Notable film and media links--July 16, 2009
---Newest sign of the apocalypse--the Royal Family has just joined Twitter.
---Alicia Silverstone and Alanis Morissette's new weepy road movie mock trailer--My Mother's Red Hat.
---The Elegant Variation interviews Joseph O'Neill, the author of perhaps the best novel of 2008--Netherland.
---For The Guardian, director Steven Soderbergh discusses how he's happy he's not still shooting Che.
---Movieman0283 of The Dancing Image compiles all of the influential film books of his Reading the Movies meme.
---Scott Macauley of Filmmaker Magazine looks carefully at the prospects of making a living as a film journalist:
"It's hard to know what to say to people who are intent on making film journalism their means of employment right now simply because most forms of journalism, particularly niche-content ones, are difficult to make a living at right now! In a time marked by increasing disintermediation in the content industry, the perhaps neurobiological lure of non-print forms of delivery, and expanded content offerings (games, social media, etc.) competing for a reader's finite amount of free time, anyone hoping to make a living by writing about things must figure out new ways of working and getting paid for that work. Like I said, this isn't just the province of niche-content creators. (Here's a list of some two dozen articles dealing with journalism and monetization just from the last three weeks.) But it seems to be hitting many niche-content creators the hardest because their audiences were smaller to begin with and their institutions less able to survive a sustained economic downturn."
---Meanwhile, Pradnya Joshi of NYT explores the ambiguities of bloggers sponsoring products for money:
". . . in many ways, the hypercommercialism of the Web is changing too quickly for consumers and regulators to keep up. Product placements are landing on so-called status updates on Facebook, companies are sponsoring messages on Twitter and bloggers are defining their own parameters of what constitutes independent work versus advertising."
---T.S. of Screen Savour takes on Fritz Lang's classic Metropolis (1927).

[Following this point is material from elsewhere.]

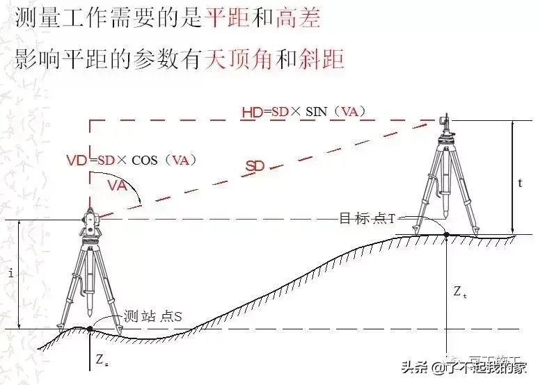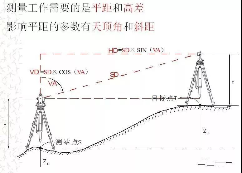 测站点到目标点的高差用于计算坐标点的高程(H)

---The One-Line Review presents "The 50 Greatest Films," and Culture Snob finds it a bit "ossified" and "ordinary" (although he also made suggestions for the list).

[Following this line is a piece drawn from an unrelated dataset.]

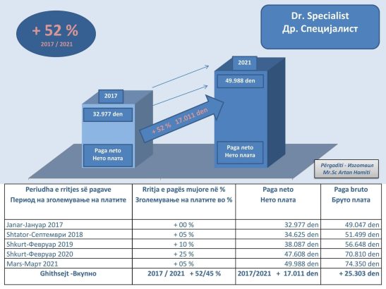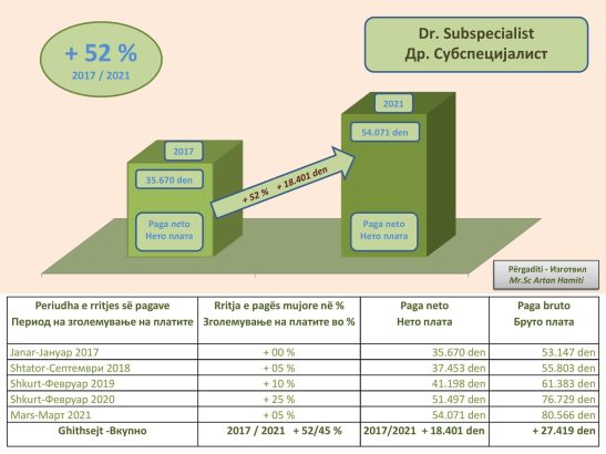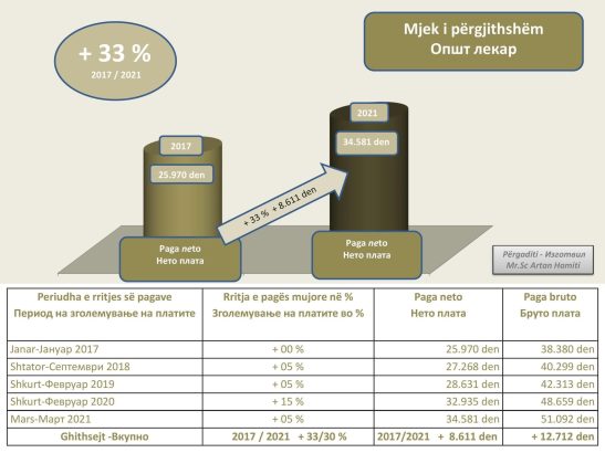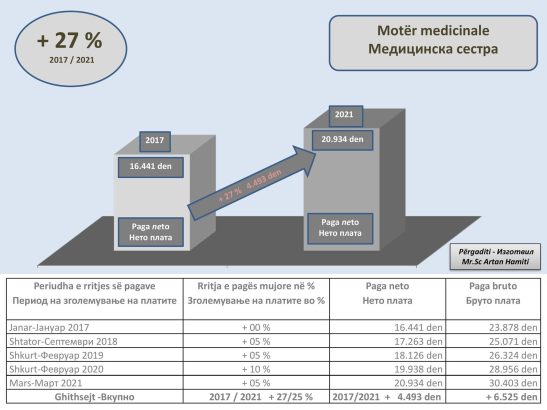 Pasi që punoj në shëndetësi në sektorin e financave ju dëshmoj se e njejta situatë e trendit të rritjes së pagave mujore neto dhe bruto shënon rritje po thuaj se edhe te i gjithë personeli shëndetsorë dhe atë administrativ:

---The Pipeline shows how to get shot by Scott Schuman for the influential Sartorialist.
---Check out Mary Ellen Mark's photographs of movie stars behind the scenes for Vanity Fair.
---Lastly, the Film Doctor' s instant trailer reactions: Under the Mountain looks terrible; An Education juxtaposes a life of scholarship with hedonism in Paris; we should all live like No Impact Man, but that doesn't stop the movie from appearing smug; and Drew Barrymore directs Ellen Page in Whip It.

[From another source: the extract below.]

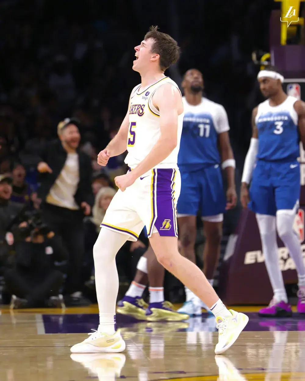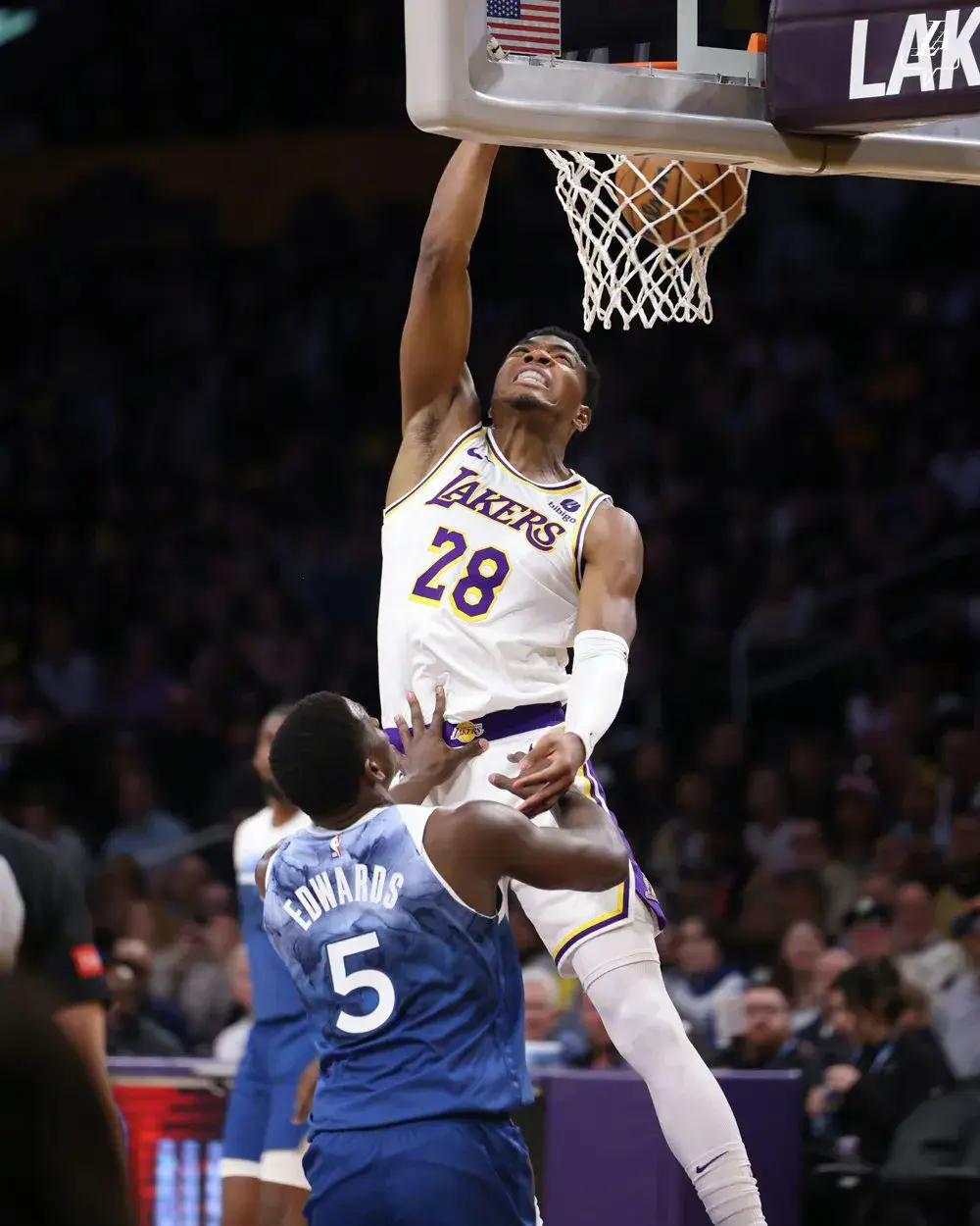 除了詹姆斯、戴維斯和裏夫斯三巨頭之外,今天八村塁和海斯也有不錯表現,八村塁拿到15分2籃板3助攻,海斯則是高效的4投4中拿到9分5籃板,完美的在替補席貢獻了屬於他的力量。而森林狼河這邊,除了愛德華茲和裏德之外,球隊只有沃克的表現能夠看的過眼,再加上擁有神祕東方力量的李凱爾在今天也沒能出戰,這才導致了森林狼最終的遺憾輸球。

One film that I was surprised you didn't mention was the Darwin film, CREATION (http://www.youtube.com/watch?v=BREvUKpZTeU). It is pretty interesting, but only because of the subject matter, really. There seems to be some sort of trailer formula that producers are using, and this is a good example of it. It reminded me of the AMELIA trailer, and AMELIA reminded me of the AUSTRALIA trailer, and, well, on it goes.
-- The O'Neill interview is great. I've had Netherland on my shelf on loan from a colleague for many months now (too many, actually) and really hope to get to it soon. I'm toggling back and forth right now on first-time readings of White Noise (dated dreck) and Infinite Jest, for the Infinite Summer project.
-- I too think the 100 film list was bland and rather predictable, and that's coming from a guy who can be bland and rather predictable. The problem might be in a hesitation to vote for newer films out of fear of criticism, or out of fear that you're leaving off a beloved classic, but it inevitably gives the impression that they stopped making great movies in 1994. (Incidentally, I could come up with scores of films from the 1990s more worthy of inclusion than Pulp Fiction.) I like Culture Snob's personal list because it serves as a nice corrective to lists dominated by older films; but, ironically, there's an argument to be made that that list also gives the impression they didn't start making great movies until 1942 with Casablanca then resumed in 1958 with Vertigo.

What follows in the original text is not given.